From 1700 to near 1750, the French, Spanish, English, and Indian groups maintained a kind of diplomatic equilibrium in North America. That equilibrium broke down in the French and Indian War, preparing the way for English dominance of the New World--and then American independence from Britain.
Open hostilities began in 1754 when colonial Virginia militiamen clashed with French forces for control of the Ohio Valley. For three years, the war went very badly for the British.
In the summer and autumn of 1755, Indian raiders terrorized the Virginia and Pennsylvania backcountry. In 1756 and 57 one French victory after another threw the English colonies into panic. The English port at Oswego, Ontario fell in 1757. Fort William Henry surrendered later that year. So desperate was the English situation that the governor of Pennsylvania, terrified by Indian attacks that had reached to within thirty miles of Philadelphia, seriously considered promising the Indians free passage through his colony if they would promise to concentrate their attacks on the Virginians.
But in 1757 William Pitt became Prime Minister and Britain began to redouble her war efforts in North America. Additional troops, together with additional colonial militia, turned the tide of battle. In retrospect it is a wonder that 70,000 French and Indians had managed for three years to so successfully thrash a million and a half Englishmen.
The significance of the French and Indian War cannot be overstated. First, the colonies gained self-confidence and valuable military experience--and after three years of being beaten, began to see the need for colonial unity in order to meet common problems. More important, the danger of attack by the French and at least some Indian tribes had been significantly reduced, paving the way for further movement west. By securing their borders, the colonies became less dependent on England for troops and protection. Second, divided and preoccupied by religious strife, succession problems, and wars with France, Britain had become very lax in its governance of the colonies. She had allowed her American colonies to exercise virtual self-government and evade the typical European mercantilist restrictions on colonial economies. In 1763 Britain determined to change her policy. She believed that 1) the colonies had gained much by the war's outcome but contributed very little, some of them even profiting by trading goods including arms with both sides during the conflict; and 2) that the colonies needed to help pay back the staggering war debt that had amassed during the war, and thus the English government began to propose a series of tax reforms that brought significant resentment from a colonial populous accustommed to great freedoms and suffering from a post-war economic downturn. Third, the French were almost completely driven out of the new world. They ceded their territory west of the Mississippi to Spain and all eastern territories (except New Orleans) to Britain. This meant that the Indians of the Ohio Valley, who had so successfully played England and France off of one another, could no longer depend on their careful diplomacy to keep them safe from English encroachment.

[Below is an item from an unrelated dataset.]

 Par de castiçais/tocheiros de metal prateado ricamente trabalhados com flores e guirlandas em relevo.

The War for Independence (summary)
Beginning in 1763, the British government adopted a new colonial policy; the policy had three objectives: first, to place the colonies under strict British political and economic control; second, to compel the colonists to demonstrate respect for and obedience to English laws; and third, to make the colonies bear their part of the cost of maintaining the British Empire.

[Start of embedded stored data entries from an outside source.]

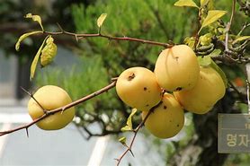 열매는 10월에 멪으며 타원형으로 길이는 10cm 정도로 푸른색과 붉은색이 섞여 있다가 완전히 익으면 노란색으로 됩니다.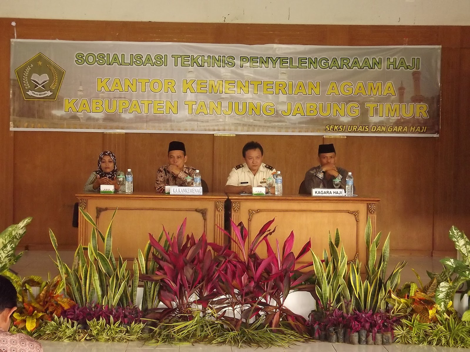 Kepala KanKemenag Tanjung Jabung Timur, H. Syakroni, S.Ag dalam sambutannya mengungkapkan terima kasih kepada seksi urais dan penyelenggaraan haji Kementerian Agama Kabupaten Tanjung Jabung Timur yang telah menyelenggarakan kegiatan ini, mengingat begitu kompleksnya permasalahan yang ada pada penyelenggaraan haji. Setidaknya, kegiatan ini dapat memberikan informasi kepada seluruh peserta tentang seperti apa sebenarnya penyelenggaraan haji. “kita berharap kedepan dimana penyelenggaraan haji ini dapat terus berjalan dengan baik” ujranya.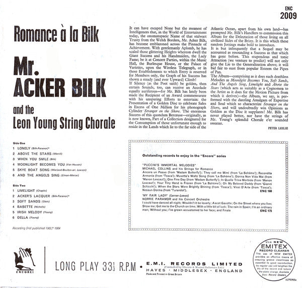 A1. Lonely A2. Above The Stars A3. When You Smile A4. Moonlight Becomes You A5. Skye Boat Song A6. And The Angels Sing B1. Limelight B2. Acker's Lacquer B3. Soft Sands B4. Babette B5. Irish Melody B6. Della

The new British policy called for a stricter enforcement of already existing laws. Reflecting mercantilist doctrine the Navigation Acts required the colonists to: first, transport their goods only in British (and colonial) ships (though Dutch freighters might offer lower rates; second, export certain enumerated articles--tobacco, sugar, indigo, and furs, only to Britain (though other European markets might offer higher prices); third, purchase their imports from Britain or, if the purchased from the European continent, they were to stop at a British port and pay duties. Writs of Assistance were general search warrants which authorized British officials to search colonial homes, buildings, and ships for smuggled goods.

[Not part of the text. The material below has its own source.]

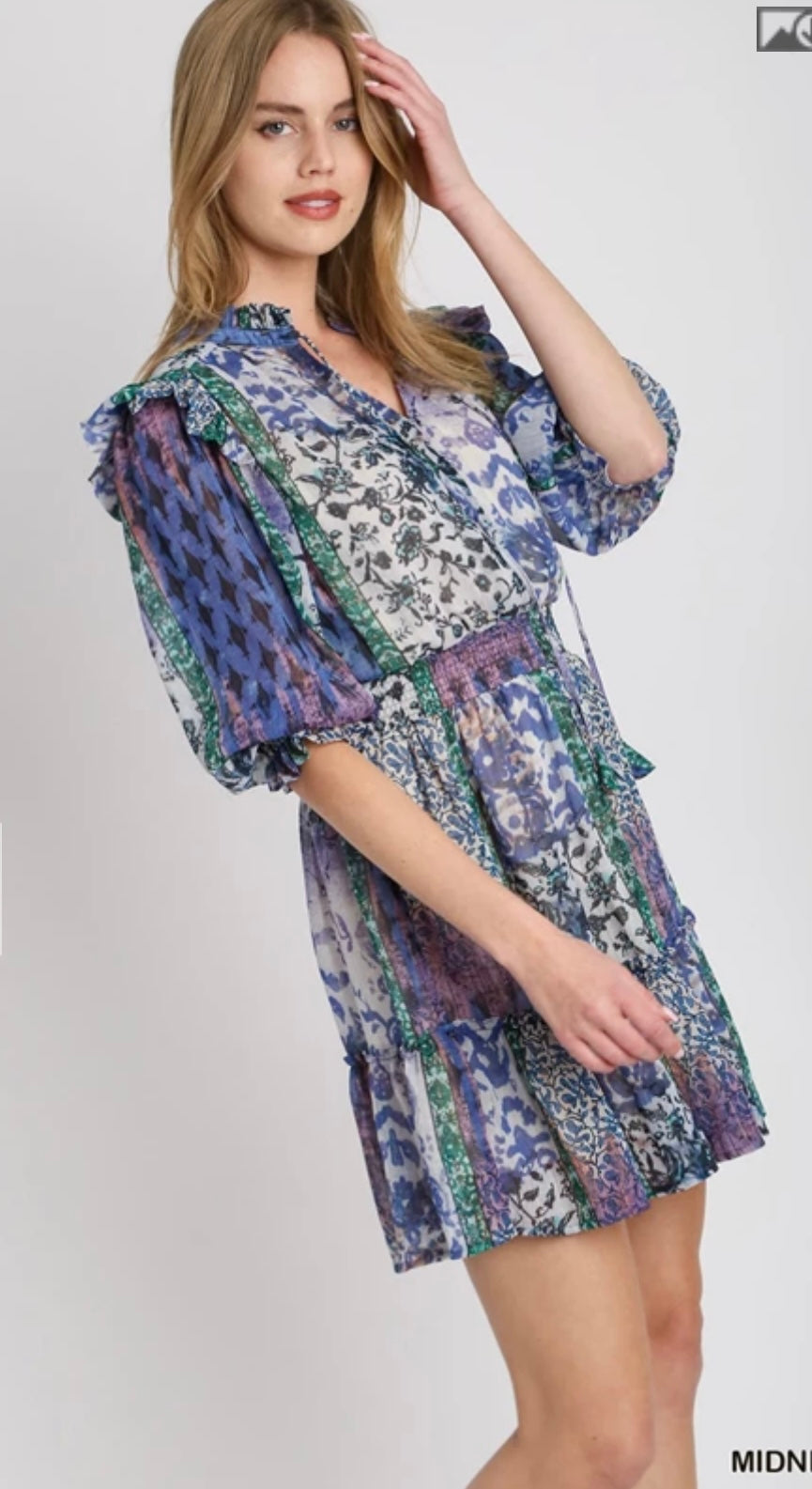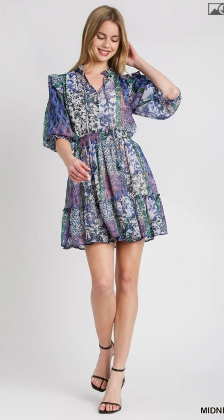 Mixed Print Ruffle Neckline with Front Tie Dress with Elastic Smocked Waistband, 3/4 Balloon Sleeve

The new British policy also saw the enactment of new measures--some of which were repealed and replaced as the British struggled to find a tax policy that seemed reasonable to all parties. Early new measures included: 1) the Sugar Act (1764), which actually reduced the existing duty on colonial sugar and molasses imports from the Spanish and French West Indies, but it called for stricter enforcement; 2) the Stamp Act (1765), the first internal tax levied on the colonies, which required that stamps be put on such printed materials as wills, mortgages, almanacs, pamphlets, and newspapers. This act directly affected influential groups such as lawyers, clergymen, and printers; 3) Townshend Acts (1767), import duties on paper, glass, paint, tea, and other enumerated goods. Part of the proceeds from these duties was to go directly to the royal governors to make them financially independent of the colonial assemblies; 4) Proclamation of 1763, a royal decree prohibiting colonists from settling west of the Appalachians; 5) Quartering Act (1765), requiring colonists to provide food and living quarters for British soldiers. The soldiers were ostensibly there to protect the colonists from Indians, but they were stationed primarily not in frontier settlements but in populous coastal cities.
Colonial opposition to these measures: 1) continued smuggling; 2) the firing of the Gaspee; 3) the continued settlement of lands beyond the Appalachians; 4) the Stamp Act Congress (1765) and its arrangement for a boycott of British goods; 5) the Committees of Correspondence, inaugurated in 1772 in Massachusetts by Samuel Adams (brewer/patriot) and dedicated to organizing opposition to British policies; 6) the Sons of Liberty, an organization of colonial patriots which helped enforce the boycotts; 7) demonstrations against soldiers, one of which turned violent (the Boston Massacre, 1770) giving colonists a cause to rally around; 8) the Tea Parties.
Determined to make an example of Massachusetts, parliament passed the Coercive Acts (1774), which 1) closed Boston harbor until the colonists paid for the tea; 2) authorized the quartering of troops in any colonial town; 3) permitted British officials accused of crimes in Massachusetts to stand trial in England; and 4) curtailed Massachusetts self-government.
In mid-April 1775, Thomas Gage, now installed as governor of Massachusetts, received orders to enforce the Intolerable Acts, by military action if necessary, and to stop Patriot preparations for armed defense.
Gage immediately dispatched 700 men to Concord to destroy a known cache of American arms. When the redcoats arrived at Lexington at dawn on April 19, 1775 they found seventy minutemen waiting for them. After repeated British commands to disperse, the outnumbered Americans complied. At this point someone fired the first shot of the Revolutionary war.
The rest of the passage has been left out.